Hey. -1 because of first sentence. The two other answers are right. –  user1708 Sep 26 '11 at 15:02
    
@solomon - Thanks for the explanation. I see your point. Can you read the 2nd sentence? –  Helder Velez Sep 26 '11 at 17:38

I assume by square lattice you mean a 3D cubic lattice because there's no translational symmetry along the $z$-axis for a 2D square lattice.

Suppose the masses are located at $(n_x, n_y, n_z)$ where $n_{x,y,z}\in\mathbb Z$. Let's also define the unit of mass and length so that $m=l=1$.

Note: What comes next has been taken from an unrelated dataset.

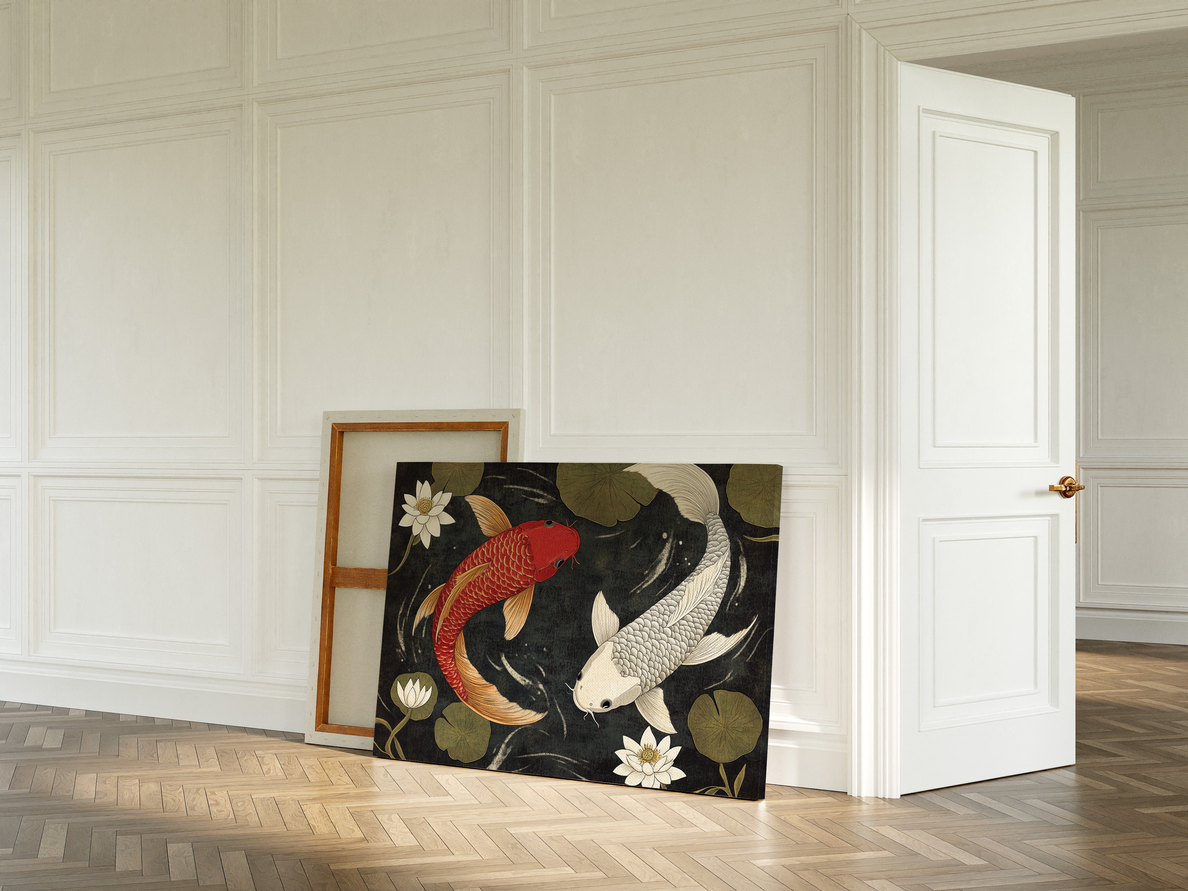 Koi Dance Among Midnight Lotuses | Gallery Canvas / 11" x 9" | $65.00

Consider the total force acted on the mass point at (0, 0, 0) just due to the 1st octant $(x>0,y>0,z>0)$: $$\begin{aligned} \mathbf F_{+++} &= -G \sum_{n_x=1}^\infty \sum_{n_y=1}^\infty \sum_{n_z=1}^\infty \frac{n_x \hat{\mathbf x} + n_y \hat{\mathbf y} + n_z \hat{\mathbf z}}{(n_x^2+n_y^2+n_z^2)^{3/2}} \\ &= -G \left( \hat{\mathbf x} \sum_{n_x=1}^\infty \sum_{n_y=1}^\infty \sum_{n_z=1}^\infty \frac{n_x}{(n_x^2+n_y^2+n_z^2)^{3/2}} + \dotsb \right), \end{aligned}$$ however, the sum actually diverges, since, $$\begin{aligned}\sum_{n_x=1}^\infty \sum_{n_y=1}^\infty \sum_{n_z=1}^\infty \frac{n_x}{(n_x^2+n_y^2+n_z^2)^{3/2}} &\ge \int_1^\infty \int_1^\infty \int_1^\infty \frac{n_x}{(n_x^2+n_y^2+n_z^2)^{3/2}} dn_x dn_y dn_z \\ &= \int_1^\infty \int_1^\infty \frac1{\sqrt{1+n_y^2+n_z^2}} dn_y dn_z \\ &= \infty, \end{aligned} $$ so while symmetry suggests that the force at center is 0, mathematically it is not well defined.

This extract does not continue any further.